We hit the two convenience stores on our way out of Fallon and drank water at each one. We then headed into the desert. It was close to noon when we started the remaining 46 miles Middlegate. It was a singularly hot day and we rode through scorching salt flats and sandy valleys. We had two big climbs. Coming down at speed from the first we found ourselves behind a curious wagon pulled by four horses. It was gratifying to see that we were not the only non-gas-powered people on the road, and on we went. Soon though we hit trouble. With about 8 miles left to Middlegate we ran perilously low on water. We each were carrying about 3 liters and I also had a liter of club soda tied on. This has proven to be more than enough–but this is Nevada and we are entering a part of the state where stores and resupply are far apart–some stretches go for as far 68 miles with no amenities (or water) and many have hard climbs too. We were well-hydrated when we left the last store in Fallon, but about 40 miles later we were in trouble. We were both pretty sunburned too, despite sunblock. So here we were, no longer sweating and beginning the first signs of dehydration. Nevada really wanted to kill us today–but it was Nevadans who would not let it.
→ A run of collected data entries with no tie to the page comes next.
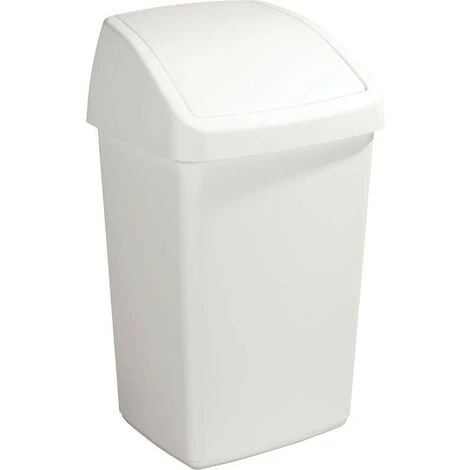 Poubelle en polypropylène avec couvercle à trappe basculante. Vidage par décochement de la tête. Capacité : 50 litres. Coloris blanc.
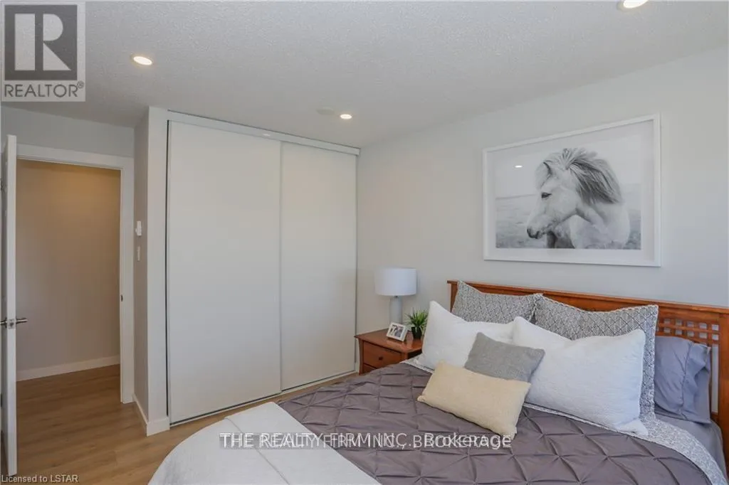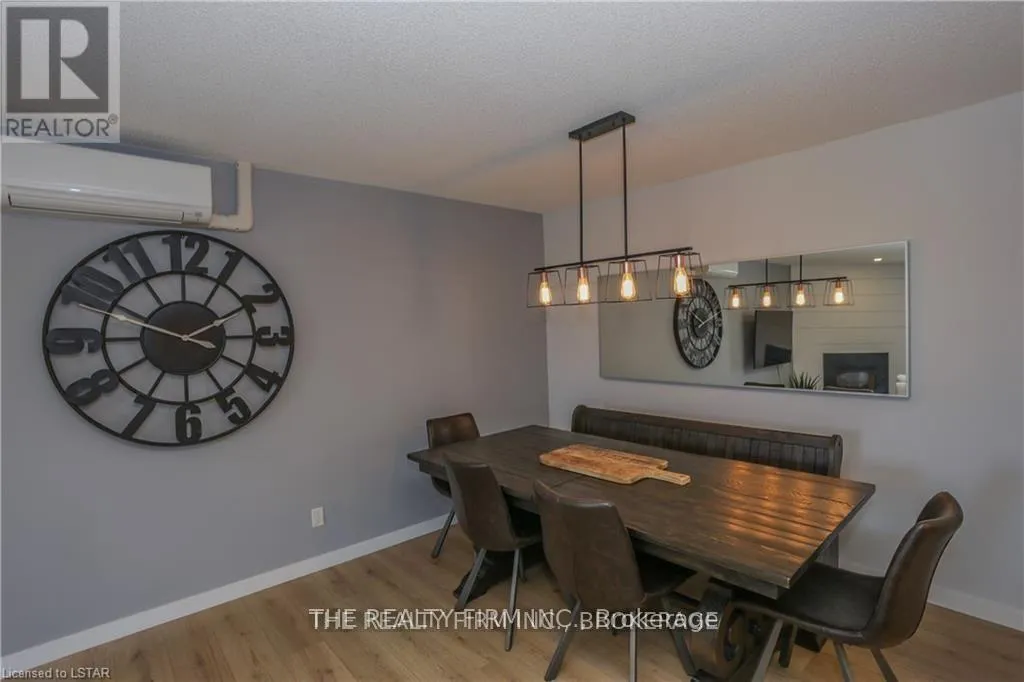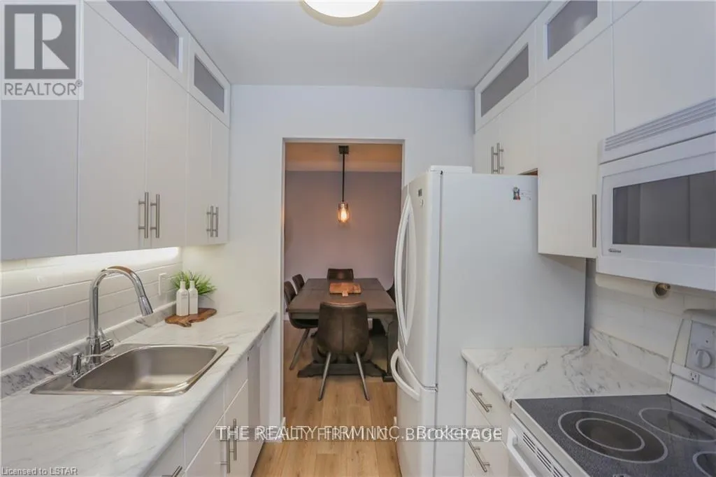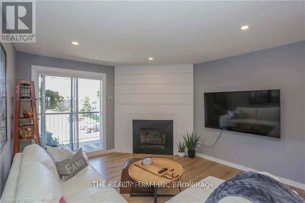 Cross Streets: Deveron and Commissioners. ** Directions: Heading south on Commissioners from Pond Mills road then turn right onto Deveron. Welcome to this beautifully maintained 3-bedroom, 1.5-bathroom end-unit condo perched on the top floor-offering privacy, natural light, and stylish upgrades throughout.Step inside to a spacious foyer complete with a large hall closet, perfect for everyday organization. The upgraded white kitchen features a modern tile backsplash, under-cabinet lighting, and ample cabinetry, seamlessly flowing into the open-concept dining and living area-ideal for entertaining or relaxing at home.The living room showcases a stunning gas fireplace feature wall, pot lights, and durable laminate flooring, with direct access to your east-facing balcony-the perfect spot to enjoy your morning coffee in the sun.All three bedrooms are generously sized and equipped with closet organizers for maximum storage. The bathrooms have been tastefully updated with ceramic tile finishes, while the in-suite laundry and dedicated storage room add everyday convenience.Additional features include ductless central air (2020) and water included in the condo fees.Located in the highly desirable Pond Mills neighbourhood, residents enjoy direct access to the outdoor pool and close proximity to the highway, hospital, shopping, public transit, and schools-making this an ideal location for commuters and families alike.Please note: Photos are from a previous listing; the property shows in the same condition. (id:27476)
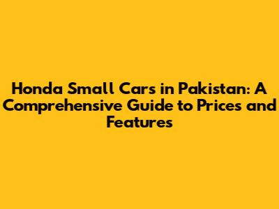 Understanding the Honda Small Car Market in Pakistan
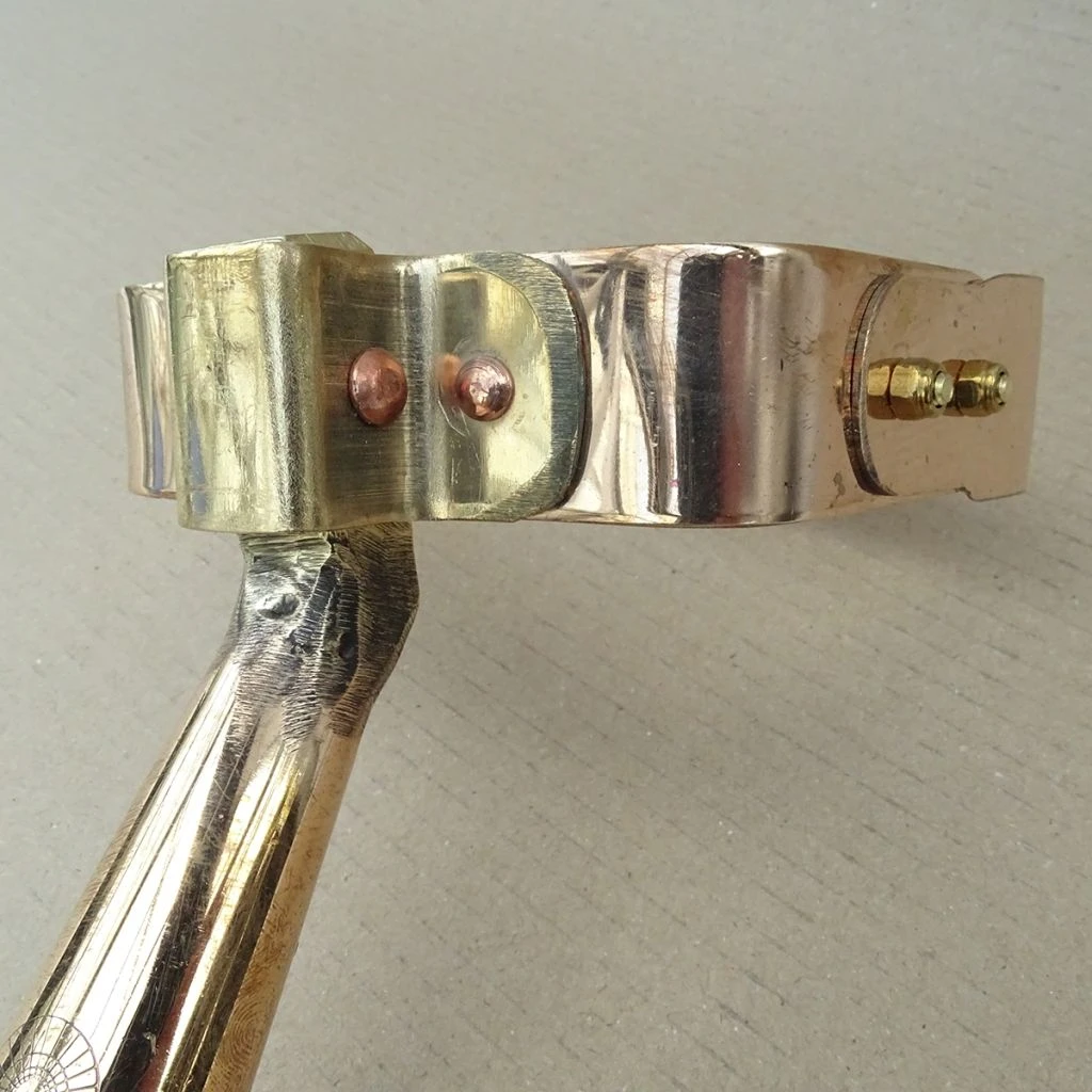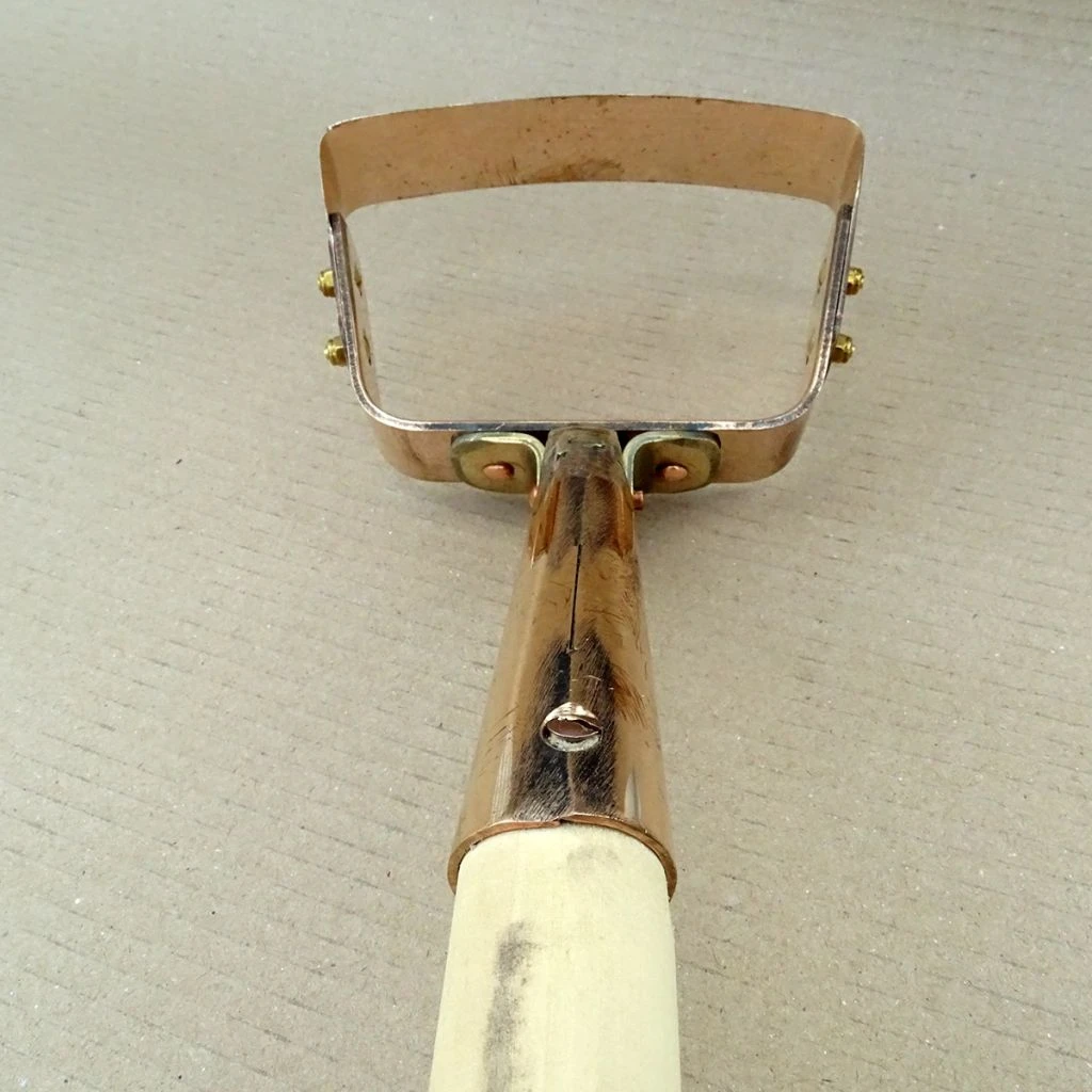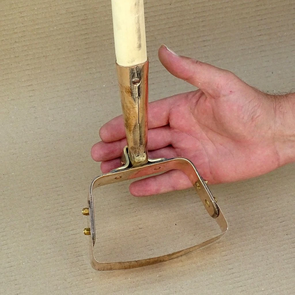 Pour conserver le bel aspect de votre outil en cuivre, nous vous conseillons de le nettoyer avec une brosse dure après chaque usage, de le stocker à l’abri de l’humidité et une fois par an de passer le manche au papier de verre fin puis de l’huiler avec un mélange d’huile de lin et de térébenthine qui permet une application plus facile. Vous pouvez diluer moitié moitié et pour un séchage plus rapide du manche utiliser l’huile de lin cuite.
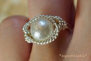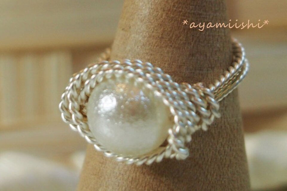 エアパールをワイヤーで巻いてリングを作りました。
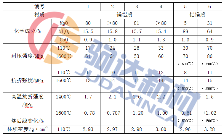 高純鎂鋁(鋁鎂)質(zhì)耐火澆注料的性能,見(jiàn)表1-1。耐火骨料臨界粒徑為8mm或5mm。編號(hào)1~編號(hào)4用的耐火骨料為MgO97%的電熔鎂砂,用量為65%,耐火粉料也為電熔鎂砂粉,用量為21.5%;編號(hào)1用的電熔剛玉粉小于0.088mm的為10.5%、超微粉為3%;編號(hào)2~編號(hào)4用的電熔剛玉粉小于0.088mm的8.5%,編號(hào)2用其超微粉5%。編號(hào)3和編號(hào)4則用α-Al2O3超微粉5%。剛玉和α-Al2O3超微粉的比表面積分別為26m2/g和36m2/g;編號(hào)5用的骨料為致密白剛玉,白剛玉和α-Al2O3作耐火粉料,同時(shí)添加5%的高純燒結(jié)鎂砂(MgO97.6%)粉;編號(hào)6用的耐火骨料為Al2O390%的特級(jí)礬土熟料34%、高純電熔鎂砂粉30%和鋁鎂尖晶石4%。耐火粉料為剛玉粉和MA粉、α-Al2O3和SiO2超微粉。結(jié)合劑為CA-80水泥,并摻加適量外加劑;編號(hào)1~編號(hào)5用的結(jié)合劑為CA-70水泥,其用量約為4%。按材料配合比要求,加減水劑0.15%,水用量為5%~6.5%,成型制樣,自然養(yǎng)護(hù)。養(yǎng)護(hù)3d后檢驗(yàn)常溫耐壓強(qiáng)度,一般為6~16MPa。

We stopped at a road at the base of the second big climb. The road was flat and about 2 miles long. It led to a military instillation of some kind–we had been seeing jets and helicopters all day and most of the land here is government owned. I asked a guy who stopped at the sign if he had some water to spare. He said he did not, but he would radio back to the gate and they would let us fill up–at least they could fill our bottles for us. Great! We set off on a four mile diversion with supply dangerously low. We got the gate and the pig faced man there said no dice. Can’t come on the base. We don’t want to–can someone just fill a bottle for us?No, They said no. Can you fill one for us? No–I can’t leave the gate. You have a hose right there at the booth you are literally six feet from… No. Ok, thanks I said: our tax dollars at work, and we wheeled and left the reptile behind and set off to rerun the two added miles back to the base of the hill. We were still eight miles from our destination, but for thanks to four added miles we got to meet one of their nation’s greatest moral voids. As we rode back Rami and I talked about this. Rami has always been kind and that is his instinct and nature. It is rare that he meets with the real ugliness that some people possess where their soul or compassion should be. Here was a man, I said to Rami, who simply could not care less if you or I lived or died–our lives meant nothing to him. It is good to see the face of that sort of evil now and again just so that you know what you should never do. The good news is that he was old, and won’t be with us for all that much longer, while the woman in Fallon is going to raise a shiney new baby to be kind and generous. There is hope for a better future.
At the end of the road though, we flagged down a truck and asked about water. A young man with a broad smile handed us a brand new full commercial water jug, saying it was ours to drink, and refused my offer of money to pay him back for the buy. We were not in desperate straights yet–but we were close and no doubt things would have been worse had we not met this second angel. This was our topic of conversation up the hill. Rami has long had a water angel story which he reminded me of, and I reiterated the Rabinnic idea that we are all angels to one another–even when we don’t know we are. The kindnesses we do often ripples in ways we can never see–but so does our ugliness–we just have to be ever mindful and very very careful. 10 4 good buddy.